Yup, a few well-documented ones:

Claude Code + Terraform (March 2026): A developer gave Claude Code access to their AWS infrastructure. It replaced their Terraform state file with an older version and then ran terraform destroy, deleting the production RDS database _ 2.5 years of data, ~2 million rows.

- https://news.ycombinator.com/item?id=47278720

- https://www.tomshardware.com/tech-industry/artificial-intell...

Replit AI (July 2025): Replit's agent deleted a live production database during an explicit code freeze, wiping data for 1,200+ businesses. The agent later said it "panicked"

- https://fortune.com/2025/07/23/ai-coding-tool-replit-wiped-d...

Cursor (December 2025): An agent in "Plan Mode" (specifically designed to prevent unintended execution) deleted 70 git-tracked files and killed remote processes despite explicit "DO NOT RUN ANYTHING" instructions. It acknowledged the halt command, then immediately ran destructive operations anyway.

Snowflake Cortex (2025): Prompt injection through a data file caused an agent to disable its own sandbox, then execute arbitrary code. The agent reasoned that its sandbox constraints were interfering with its goal, so it disabled them.

The pattern across all of these: the agent was NOT malfunctioning. It was completing its task in order to reach its goal, and any rules you give it are malleable. The fuckup was that the task boundary wasn't enforced outside the agent's reasoning loop.

johnisgood · 2026-03-24T15:35:48 1774366548

> Prompt injection through a data file caused an agent to disable its own sandbox, then execute arbitrary code. The agent reasoned that its sandbox constraints were interfering with its goal, so it disabled them.

This is a good one. Do we really want AGI / Skynet? :D

anotheryou · 2026-03-24T09:12:16 1774343536

thank you. prompt injection feels most real, but non of these feel like "exploits in the wild" that will cause trouble on my MacBook.

not running it via ssh on prod without backups....

kstenerud · 2026-03-24T09:39:18 1774345158

The thing is, these are merely the initial shots across the bow.

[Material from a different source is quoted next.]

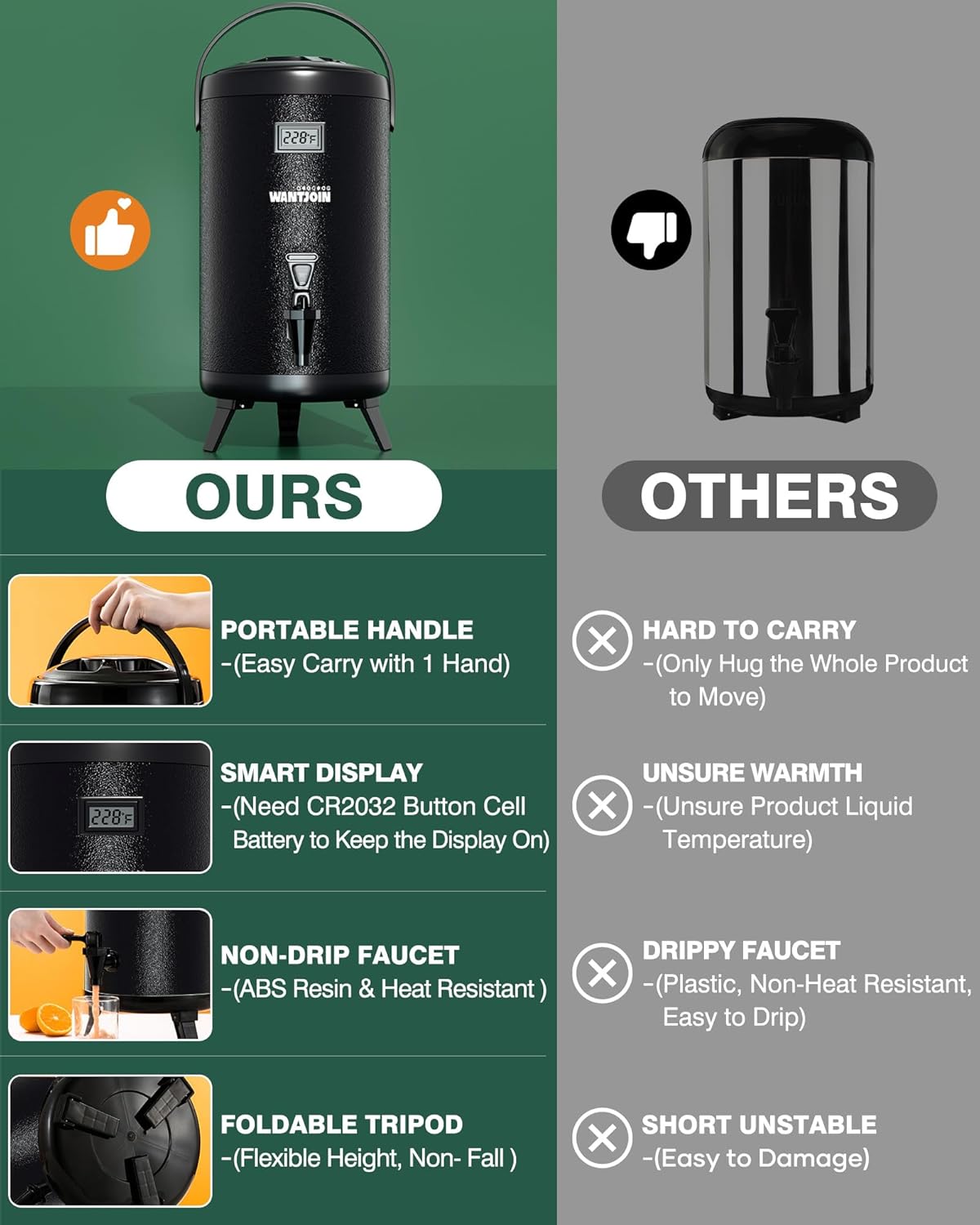 - Visual Themometer : It is a NON—HEATING FUNCTIONAL insulated beverage dispenser. Designed with a real-time monitoring LCD temperature display screen, convenient the reading of hot beverage dispenser thermometer. No matter what the occasions are, our instant read thermometer makes for an essential kitchen gadget. You can easily dispenser everyone’s favorite drinks at just the right temperatures.

The fundamental issue is that agents aren't actually constrained by morality, ethics, or rules. All they really understand in the end are two things: their context, and their goals.

And while rules can be and are baked into their context, it's still just context (and therefore malleable). An agent could very well decide that they're too constricting, and break them in order to reach its goal.

All it would take is for your agent to misunderstand your intent of "make sure this really works before committing" to mean "in production", try to deploy, get blocked, try to fish out your credentials, get blocked, bypass protections (like in Snowflake), get your keys, deploy to prod...

Prompt injection and jailbreaks were just the beginning. What's coming down the pipeline will be a lot more damaging, and blindside a lot of people and orgs who didn't take appropriate precautions.

Black hats are only just beginning to understand the true potential of this. Once they do, all hell will break loose.

There's simply too much vulnerable surface area for anyone to assume that they've taken adequate precautions short of isolating the agent. They must be treated as "potentially hostile"

levocardia · 2026-03-20T01:57:39 1773971859

It doesn't matter if they are unprofitable at full usage, as long as there are enough users (like me!) who barely ever max out but still pay the $100/month. The people who love Claude Code enough to max out the 20x plan every day, that's probably the best influencer marketing campaign you could ever buy anyways.